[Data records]
- - - - - - -

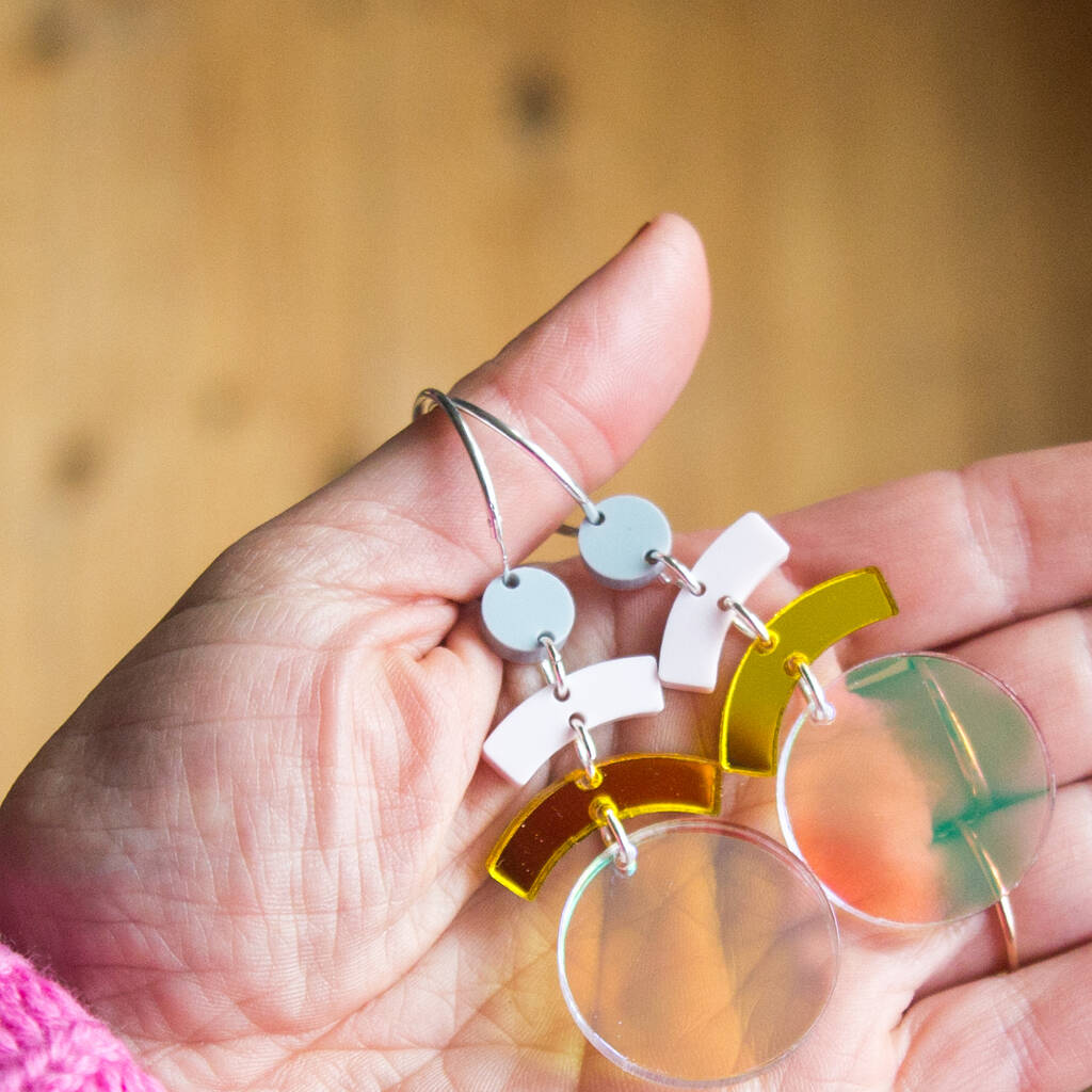 Sterling Silver Geometric Iridescent Drop Hoop Earrings
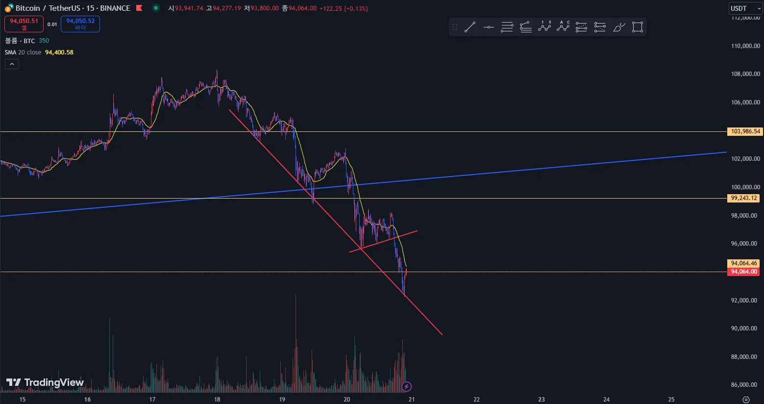 첫 번째 사진은 1시간 봉으로 파란색 추세선으로 상승추세를 유지하다가 12월 20일 02시 1시간봉에 추세선을 이탈하면서 추세전환이 시작되었습니다
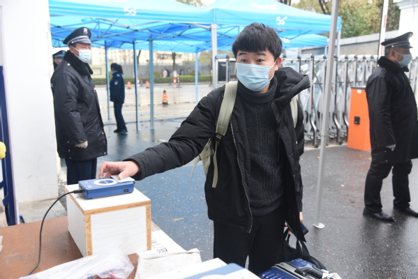 返校当天,学生们佩戴口罩,配合工作人员有序查验健康码、核对身份信息、检测体温,核对与检测无误后进入校园。
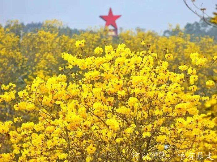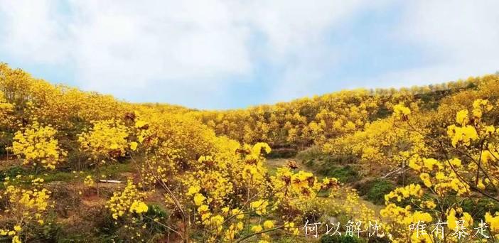 亮点2:珠三角最大最美黄花风铃观赏地@种植了近千亩数万株黄花风铃,满山遍野,满目金黄;
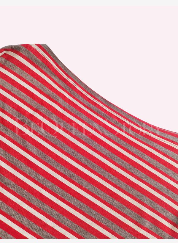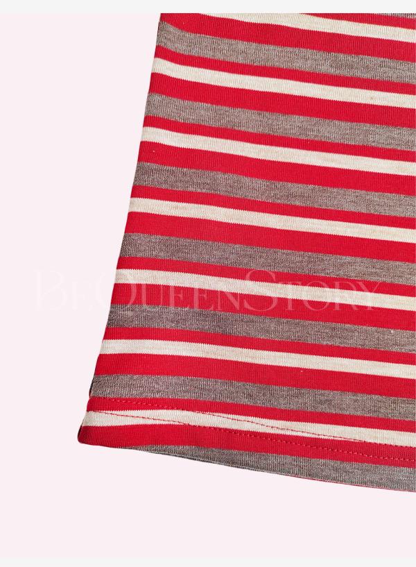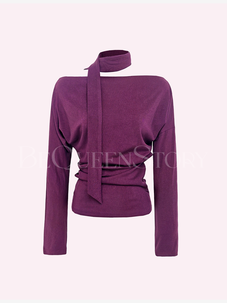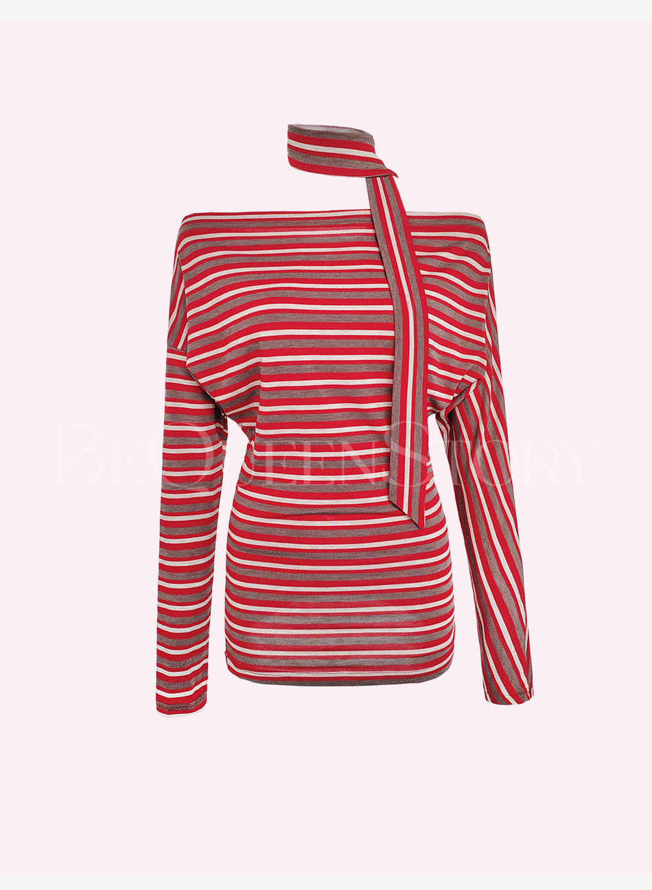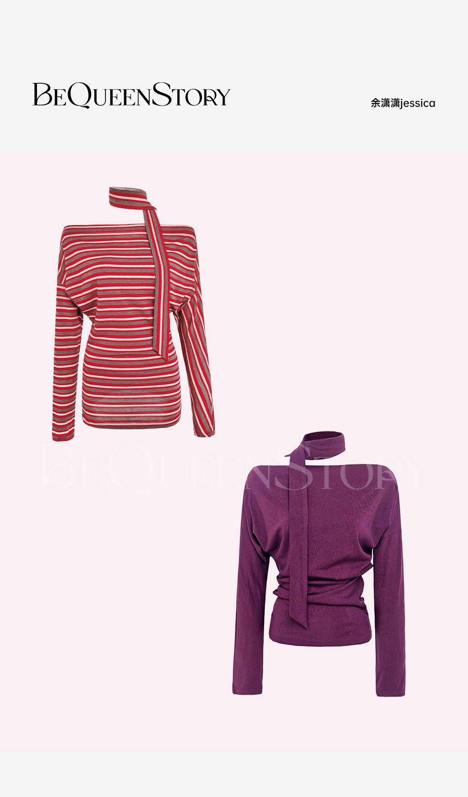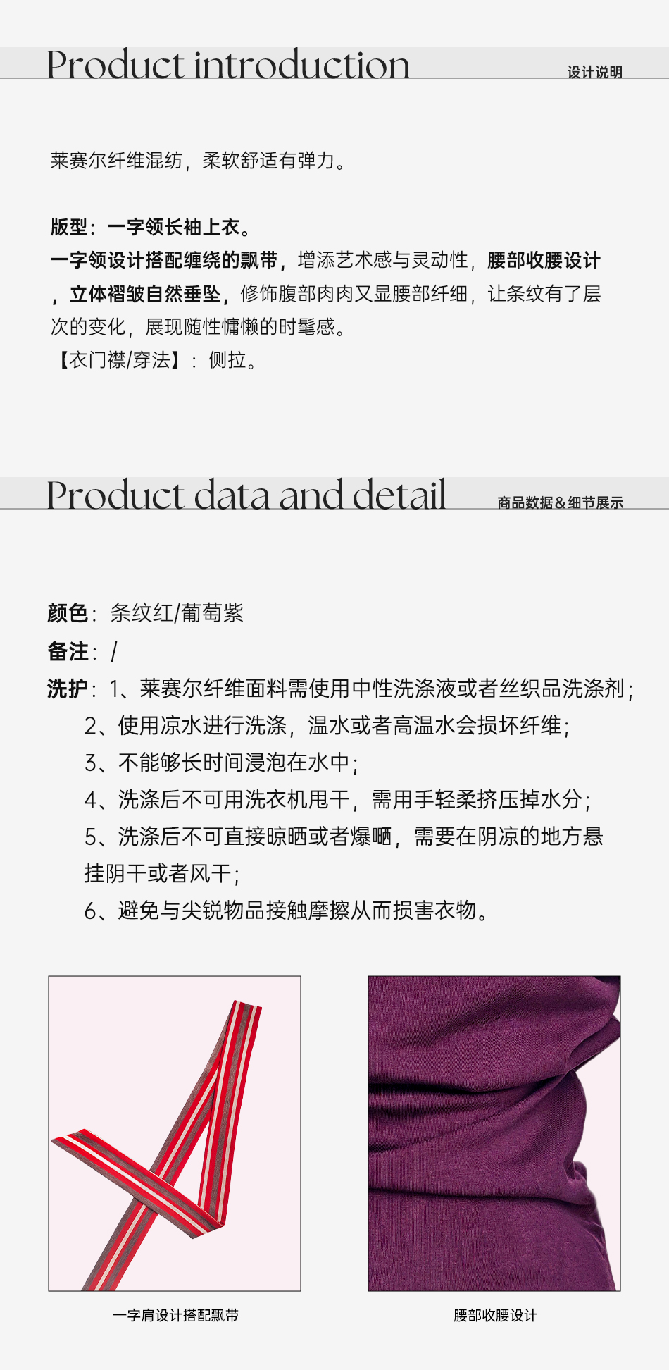 余潇潇【慵懒时髦精】设计感莱赛尔条纹一字领长袖上衣配飘带
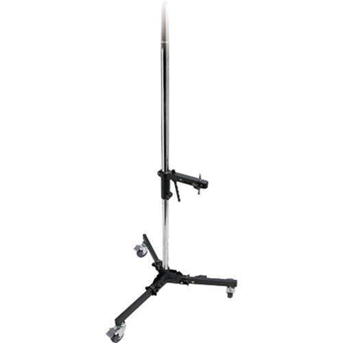 Steel column roller stand with a braked wheel allows you to get your lights mobile in the studio or on location with ease and convenience. It features an 8' chrome plated steel tube and a spring-loaded sliding arm which can be mounted with a lighting fixture, camera, Tethermate or anything with baby pin/receiver. The height of the sliding arm can be quickly adjusted with only one hand from floor level to the top of column. The fold-away base with wheels can be removed easily to facilitate storage or transport.
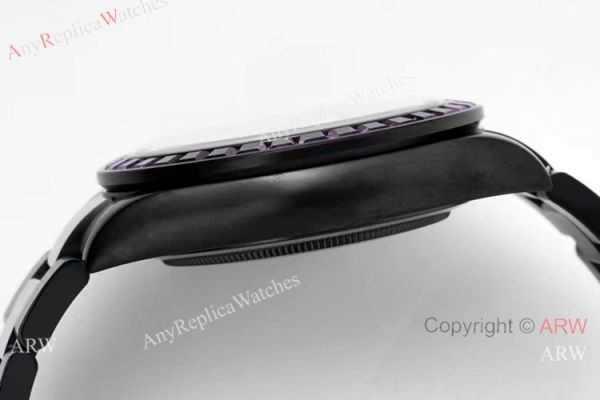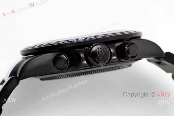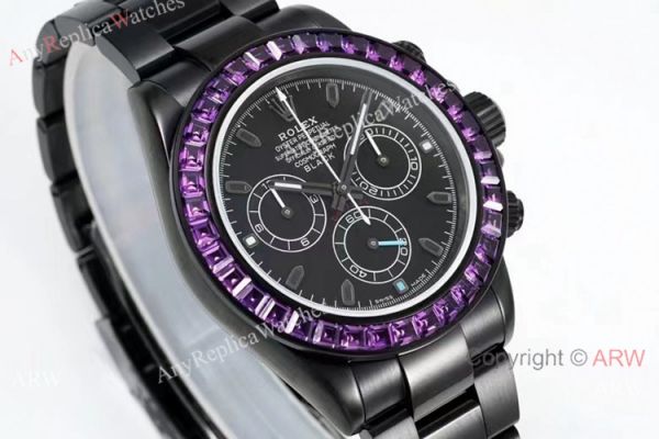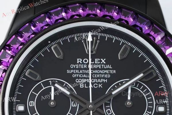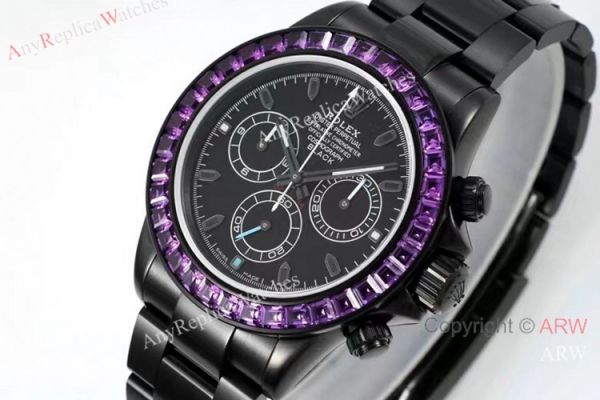 Daytona DLC coated watch case - Black Dial - Pink Diamond Bezel - Black Dlc coated strap 40mm for men

- - - - - - -

**Exercise details**: An exact, image-free transcription of all the records above is needed.

**Expected answer**:
 Sterling Silver Geometric Iridescent Drop Hoop Earrings
 첫 번째 사진은 1시간 봉으로 파란색 추세선으로 상승추세를 유지하다가 12월 20일 02시 1시간봉에 추세선을 이탈하면서 추세전환이 시작되었습니다
 返校当天,学生们佩戴口罩,配合工作人员有序查验健康码、核对身份信息、检测体温,核对与检测无误后进入校园。
 亮点2:珠三角最大最美黄花风铃观赏地@种植了近千亩数万株黄花风铃,满山遍野,满目金黄;
 余潇潇【慵懒时髦精】设计感莱赛尔条纹一字领长袖上衣配飘带
 Steel column roller stand with a braked wheel allows you to get your lights mobile in the studio or on location with ease and convenience. It features an 8' chrome plated steel tube and a spring-loaded sliding arm which can be mounted with a lighting fixture, camera, Tethermate or anything with baby pin/receiver. The height of the sliding arm can be quickly adjusted with only one hand from floor level to the top of column. The fold-away base with wheels can be removed easily to facilitate storage or transport.
 Daytona DLC coated watch case - Black Dial - Pink Diamond Bezel - Black Dlc coated strap 40mm for men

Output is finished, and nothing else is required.